我相信我有最好的答案。 我的结果比神秘的快得多。 它们只需要SSE2,但可以利用SSE3,SSE4,AVX甚至AVX2(如果有的话)。 您不必更改任何代码。 你只需要重新编译。

我跑了三个尺寸:8008,64000和2560 * 1920 = 4915200.我尝试了几种不同的版本。 我列出了下面最重要的一些。 函数vectorize8_unroll2是神秘的功能。 我做了一个名为vectorize8_unroll2_parallel的改进版本。 函数vec16_loop_unroll2_fixvec16_loop_unroll2_parallel_fix是我的函数,我认为它比神秘的更好。 如果使用AVX进行编译,这些函数将自动使用AVX,但在SSE4甚至SSE2上都能正常工作

另外,你写道“W * H总是可被8整除,大多数时候W和H可以被8整除”。 所以我们不能假设在所有情况下W * H都可被16整除。 神秘的函数vectorize8_unroll2有一个错误,当大小不是16的倍数时(在他的代码中尝试大小= 8008,你会明白我的意思)。 我的代码没有这样的错误。

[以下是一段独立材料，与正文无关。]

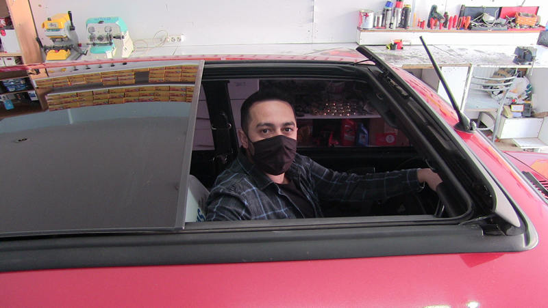 Hurdaya ayrılmak üzere bulduğu bir aracı satın alan Özkan, motor aksamında bakım yaptırdıktan sonra tavanının bir bölümünü aletle kesip, gelişmiş araçlarda bulunan açılır tavan taktı.
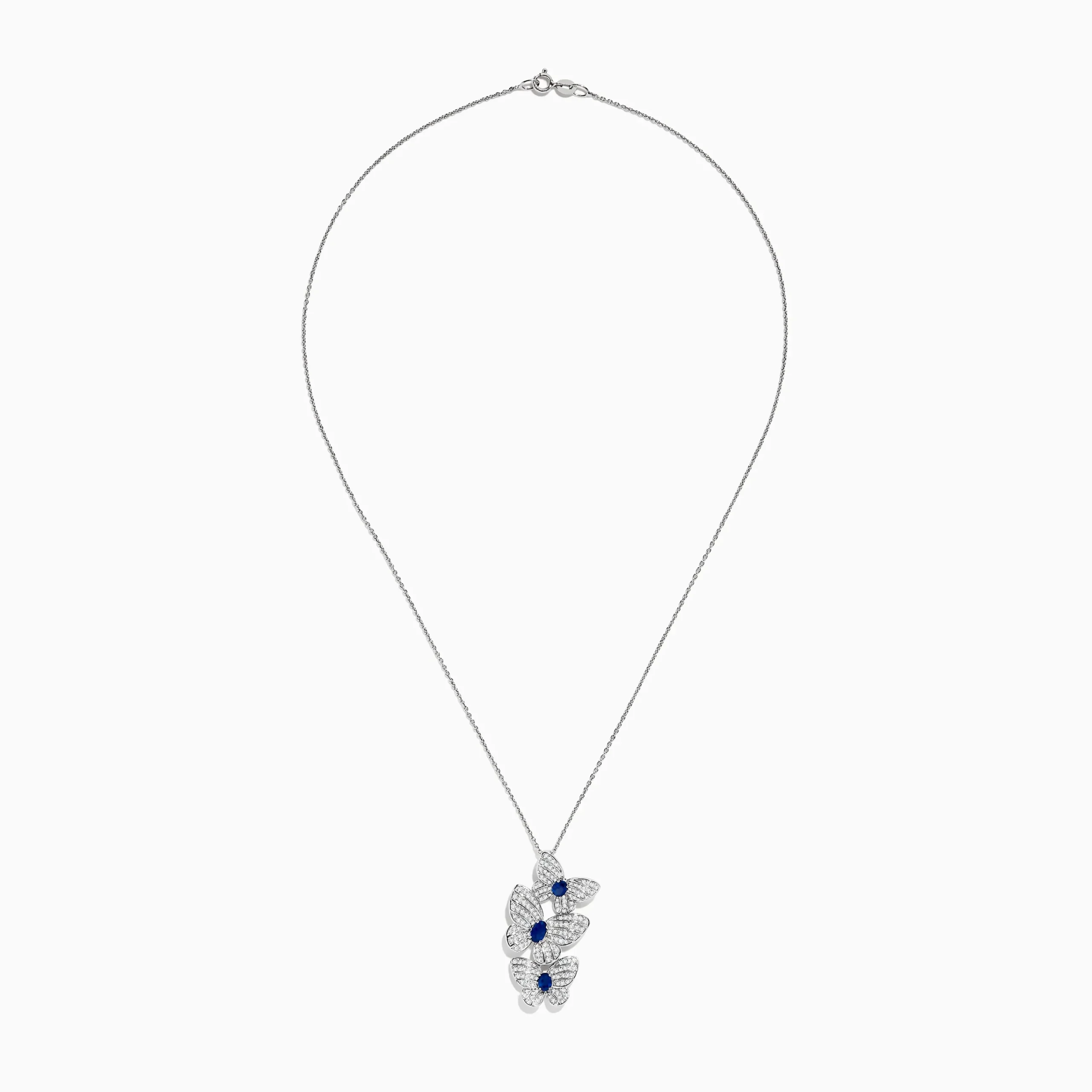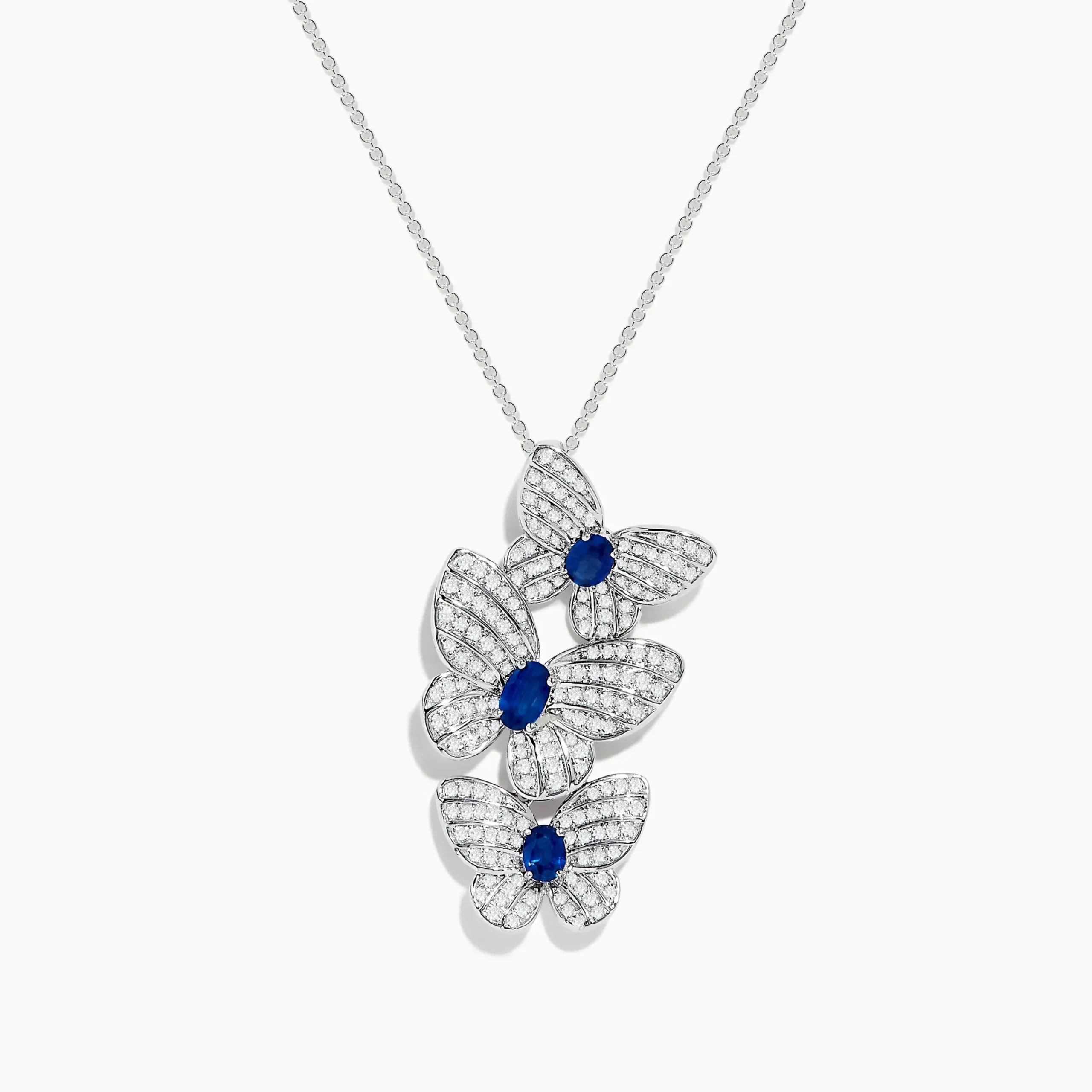 Effy 14K White Gold Blue Sapphire and Diamond Multi Butterfly Pendant
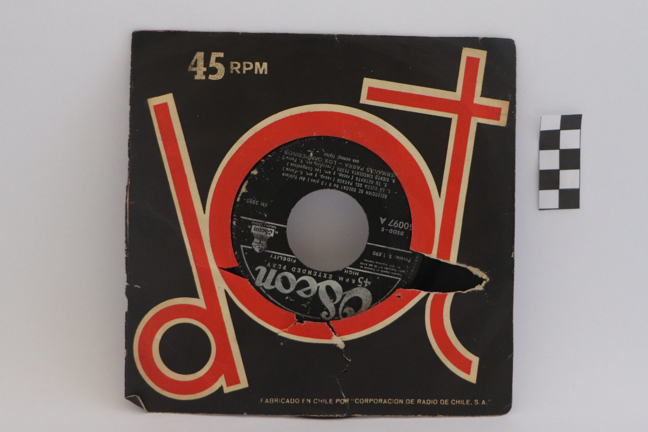 Disco de Vinilo de 45 RPM. Se encuentra al interior de una carátula cuadrada de cartón impreso. Por anverso y reverso el mismo diseño tipográfico con una d, una o y una t en letras rojas y blancas. Arriba a la izquierda se observa la indicación 45 RPM y abajo a las derecha el texto: Fabricado en Chile por "Corporación de Radio de Chile, S.A." El álbum contiene los temas: 1. La cueca del payaso, 2. Tu retrato, 3. Ciento cincuenta pesos, 4. Las cuatro esquinas, 5. El sastre y el zapatero, 6. Cantemos querido amigo.
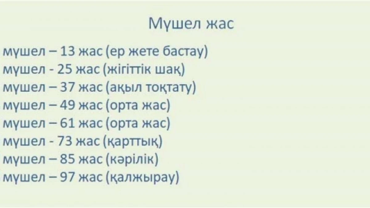 Бір мүшелде 12 жыл бар. Жыл қайыруда алғашқы туған жылы қайта оралғанда мүшелге толып отырады. Мүшел жас тақ жылдардан қайырылады, жұп жылдардан емес. Міне, қазақ осы есепті "мүшел қайыру" деп атайды. Қазақ әдеби тілінде жүзден асып, яғни тоғызыншы мүшелді толық жасаған атаны "арда ата", "ақ ата", "ару ата", "киелі ата" деп атайды. Осындай жасқа толған ананы "кейуана", "ақ апа", "әулие апа" деп атайды. Қазақтың ғұмыр туралы мына өлең жолдарынан өмірдің қалай өткенін көруге болады: Бір жаста жанып тұрған шырақтайсың, Дүниеге жаңа келіп тұрақтайсың. Қаз тұрып, тәй-тәй басып, былдыр сөйлеп, Құшағында ата-ананың бұлғақтайсың. Он жаста жарға ойнаған лақтайсың, Тай мініп, тайынша мініп жайтақтайсың. Он бес пен жиырманың арасында, Көрінсе қыз-келіншек ыржақтайсың. Жиырма бесте көкжал қасқырдайсың, Алдыңа не келсе де тайынбайсың. Жалындап жүрек отың махаббаттан, Ел аралап, ары-бері талтақтайсың. Отызда орда бұзып арындайсың, Қырықта қырқа асып жалындайсың. Елуде ерттеп мінген аттай болып, Кәріліктен еш белгі жоқ, шалынбайсың. Алпыс жаста сары белдің асуындай, Асылдың суы қайтқан жасуындай. Сабырың бекемделіп күн-күн сайын, Дарияның жылып аққан тасуындай. Жетпісте жер таянбай тұра алмайсың, Жастармен сауық-сайран құра алмайсың. Сексенде қара шашың қудай болып, Ауылдан алыс шығып жүре алмайсың. Тоқсаныңда тобықтай шал боларсың, Күніңе сексендегі зар боларсың. Қырандай жас кездегі қайран көзің, Көре алмай еш нәрсені қар боларсың. Кәрілікке ары-бері бұлғақтайсың, Ақ үрпек балапандай ырғақтайсың.
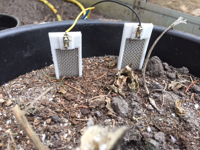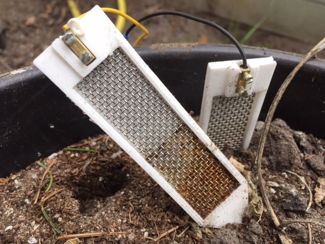 | Deze sondes zijn gemaakt door neef Jan. Hij heeft ze 3D-geprint. Zij zijn van RVS en PVC? en bedoeld om de vochtigheid van de grond te meten. Dat kan op vele manieren. Bekijk daarom eerst eens een beetje theorie. |
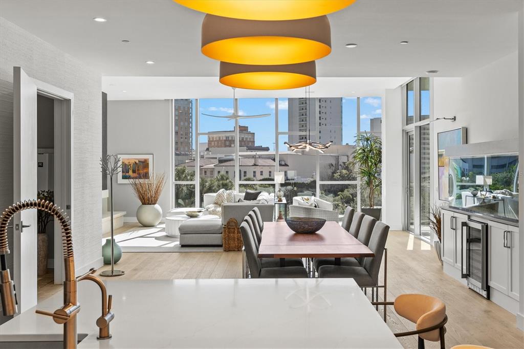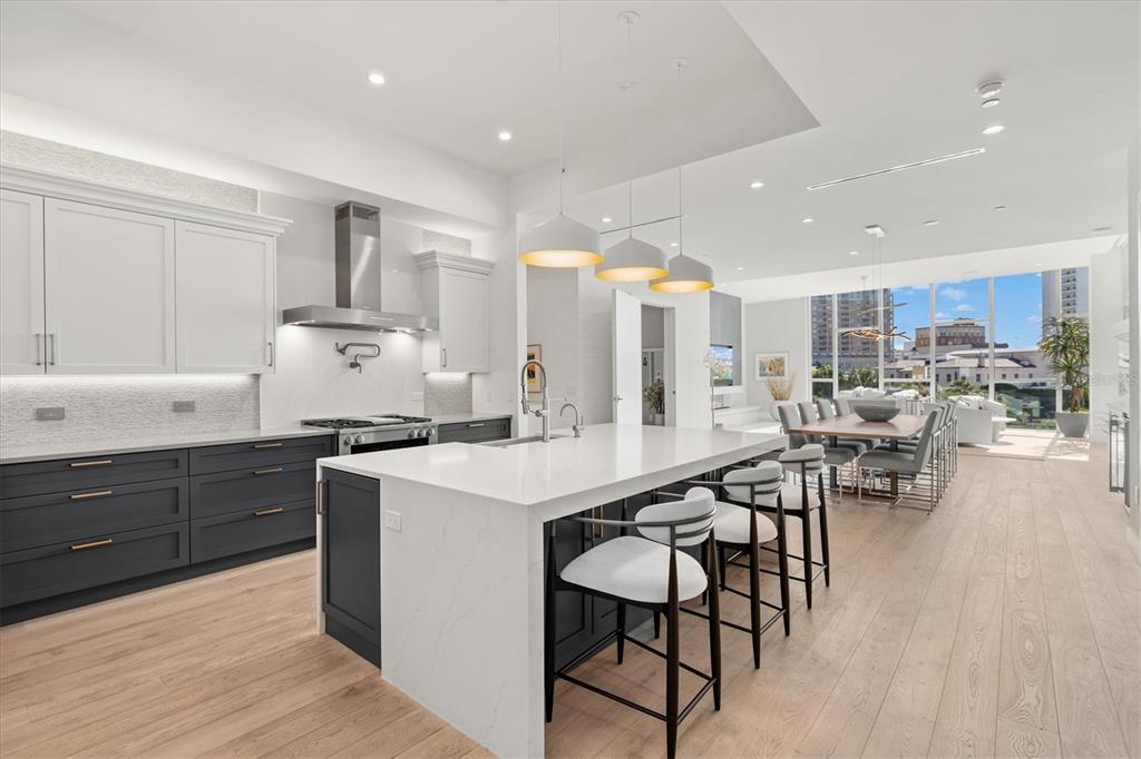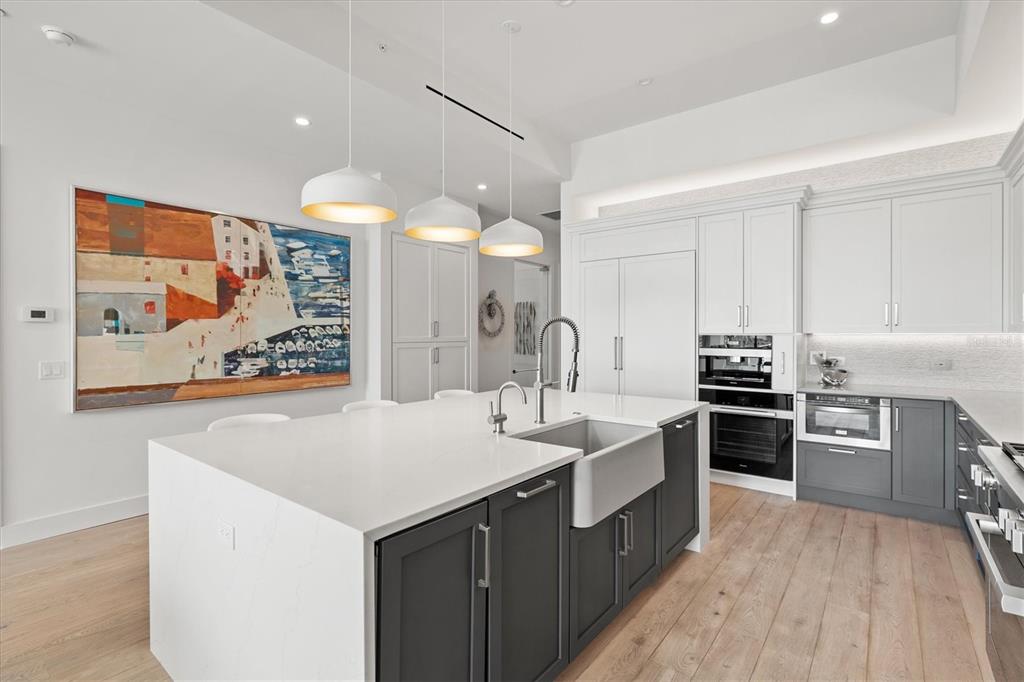 Welcome to 3w at the collection, where you will experience the epitome of modern luxury in this one-of-a-kind, boutique condo located in the heart of downtown sarasota just steps away from world-class dining, shopping, and cultural attractions. every detail of this custom residence has been meticulously curated with high-end designer selections and finishes, offering an unparalleled living experience. as you enter the unit by way of private elevator access, you’ll be delighted by the beautifully styled entrance leading into the home. immediately you will notice an abundance of natural light shining through the 12-ft-floor-to-ceiling windows and doors. the sleek, open-concept floor plan showcases premium finishes throughout the units 3,300+ sq ft of interior living space and 1,000 sq ft of private patio space. no expense was spared for upgrades. the kitchen is a true masterpiece with custom soft-close wood cabinetry, quartz countertops with a waterfall edge island and stone backsplash, top-of-the-line miele appliances including a built-in smart coffee system and ice maker, under and over cabinet lighting, and additional storage. each bedroom is equipped with a custom closet system, a luxurious en-suite bath with marble flooring, flash tile and custom vanities and led illuminated mirrors, and private balcony access. the office features built-in storage with stone countertops and a beautiful glass door. stunning stone accents, vibrant wallpaper, european white oak flooring and exquisite light fixtures throughout the residence perfectly blend sophistication and comfort, creating a masterpiece of contemporary design. home automation, including interior automated shades by wicked smart homes, allows for an easy lock and leave process. the exterior living space is just as remarkable and perfect for entertaining with a pizza oven, refrigerator, sink, a firepit and multiple seating areas. situated in the heart of the art district in downtown sarasota with only 12 units in the building, residents of the collection enjoy a very private and exclusive living experience. the state-of-the-art building has a 24-hour camera and building access system in place with key fob, entry code, remote, card, and phone entry. the ground floor ensures residents have everything they need right at their fingertips with a concierge, mail room, covered private parking, and a temperature-controlled storage area. 3w has two parking spaces: the handicap parking space and the space directly across from that. the second floor is where residents will enjoy the impressive onsite amenities which include a pool and spa, daybeds, a yoga and fitness center, sauna, entertainment center with a fireplace, tv, and wet bar, and conference style meeting room. this rare gem is the ultimate expression of style and convenience, being sold furnished with some exclusions, and located within walking distance to bayfront park, sarasota main street, starbucks, whole foods, and more!1335 2ND #301, SARASOTA, FL 34236

我正在使用Ander Fog的vectorclass进行矢量化。 它不是lib或dll文件。 它只是一些头文件。 我使用OpenMP进行并行化。 以下是一些结果:

Intel Xeon E5630 @2.53GHz (supports upto SSE4.2)    
size 8008, size2 8032, iterations 1000000

                        default_loop time: 7.935 seconds, diff 0.000000
                  vectorize8_unroll2 time: 1.875 seconds, diff 0.000000
              vec16_loop_unroll2_fix time: 1.878 seconds, diff 0.000000
         vectorize8_unroll2_parallel time: 1.253 seconds, diff 0.000000
     vec16_loop_unroll2_parallel_fix time: 1.151 seconds, diff 0.000000

size 64000, size2 64000, iterations 100000
                        default_loop time: 6.387 seconds, diff 0.000000
                  vectorize8_unroll2 time: 1.875 seconds, diff 0.000000
              vec16_loop_unroll2_fix time: 2.195 seconds, diff 0.000000
         vectorize8_unroll2_parallel time: 0.439 seconds, diff 0.000000
     vec16_loop_unroll2_parallel_fix time: 0.432 seconds, diff 0.000000

size 4915200, size2 4915200, iterations 1000
                        default_loop time: 5.125 seconds, diff 0.000000
                  vectorize8_unroll2 time: 3.496 seconds, diff 0.000000
              vec16_loop_unroll2_fix time: 3.490 seconds, diff 0.000000
         vectorize8_unroll2_parallel time: 3.119 seconds, diff 0.000000
     vec16_loop_unroll2_parallel_fix time: 3.127 seconds, diff 0.000000

编辑:我在本答案结尾处使用GCC在AVX系统上添加了结果。

下面是代码。 代码看起来很长,因为我做了很多交叉检查并测试了很多变化。 http://www.agner.org/optimize/#vectorclass下载vectorclass。 将头文件(vectorclass.h,instrset.h,vectorf128.h,vectorf256.h,vectorf256e.h,vectori128.h,vectori256.h,vectori256e.h)复制到编译目录中。 在C ++ / CommandLine下添加/ D__SSE4_2__。 在发布模式下编译。 如果您有一个带AVX的CPU,那么请改为/ arch:AVX。 在C ++专业/语言下添加OpenMP支持。

In GCC
SSE4.2: g++ foo.cpp -o foo_gcc -O3 -mSSE4.2 -fopenmp
AVX: g++ foo.cpp -o foo_gcc -O3 -mavx -fopenmp

在下面的代码中,函数vec16_loop_unroll2_parallel要求数组为32的倍数。您可以将数组大小更改为32的倍数(即size2指的是)或者如果不可能,则可以使用函数vec16_loop_unroll2_parallel_fix这种限制。 反正它一样快。

#include <stdio.h>
#include "vectorclass.h"
#include "omp.h"

#define ROUND_DOWN(x, s) ((x) & ~((s)-1))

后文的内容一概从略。